Salaried and self-employed individuals looking to purchase, construct or renovate a home can consider to Punjab National Bank for procuring Home Loans. As of December 2018, PNB Housing Loan have managed to grab a market share of 3 percent in the Indian housing finance market.

But, before you begin the process to Apply for PNB Housing Loan, there are certain factors which you need to analyse and consider; after all, getting a home is a massive financial undertaking and you should cover all bases before pulling the trigger.

1. Research Loan Options

Do ensure that you do extensive research before applying for a Home Loan. There’s plenty of information available online which can help you narrow down on a suitable Home Loan lender.

2. Look at Affordability

Before applying for a Home Loan, do take some time to consider if you can afford the monthly EMIs as per your current and future cost of living. In that regard, ensure that you take into account all overhead expenses and have a contingency account as well so that you can cover any unforeseen emergencies.

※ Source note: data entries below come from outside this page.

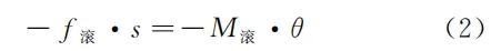 其中, s 是平动的路程, θ 是滚过的角度,f滚 、M滚 各为对应矢量的大小(下文也称“滚动摩擦力”、滚动摩擦力矩,依此类推)。现设圆柱形物体的半径为 r ,并设其与路面接触部分的形变很小,于是则有 s≈rθ ,将式( 1 )代入式( 2 )即得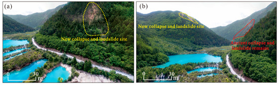 Evidence of the collapse of Sparkling Lake: (a) evidence of new collapse and landslide of the mountain on the right side of Sparking Lake; (b) evidence of mountain collapses and landslides on both sides of the upstream of Sparking Lake.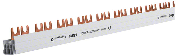 Aansluitrail vork 2-polig 10 mm² 56 modules. De installatie quickbusbar-rails (KDN) zorgen in combinatie met quickbusbar-componenten voor een snelle, veilige en schroefloze verbinding. Deze Quickbusbar aansluitrail is ten behoeve van 28 automaten, aardlekschakelaars of aardlekautomaten 2p.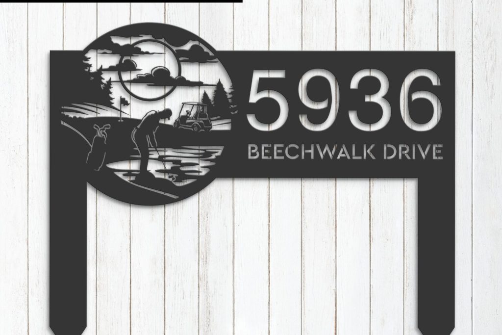 Personalized Golf Club Metal Address Sign – Custom House Number

To that end, as a rule of thumb, you should ensure that your EMIs never exceed 45 percent of your total income.

3. Repayment Tenure

At the time of applying for a home loan, consider the repayment tenure best suited to your circumstances. Interest rates usually vary depending on the tenure chosen – for instance, shorter tenures have lower interest rates to encourage faster repayment. While opting for a long tenure might make sense, you should also realise that by doing so, you automatically have to pay higher outgo in the form of interest.

4. Be Aware of Foreclosure Norms

Always stay updated on the changing RBI norms such as foreclosure norms. If you have a sudden windfall or have the capacity to foreclose your Home Loan by repaying the outstanding amount, you can do so and avoid from paying additional interest.

5. Additional Charges

At the time of your Home Loan application, there are a bunch of administrative, processing or service charges that are levied by the banks – which is why you should ensure that you understand the charges and discuss them with your lender prior. In that light, do check with them to understand whether these charges are one-time or recurring so that you can plan your monthly finances accordingly.

The Bottom Line

These are exciting times especially if you’re a Home Loan borrower owing to the plethora of options at your disposal. Besides these main street lenders/ banks, you can also consider applying to Housing Finance Companies (HFCs) who have consolidated themselves with a market share to the tune of 37 per cent as of March 2017.

With a fourth cut in the repo rates which takes it down to 5.40 percent, surely there's no better time than now for prospective home-owners who are looking to invest in the real estate market.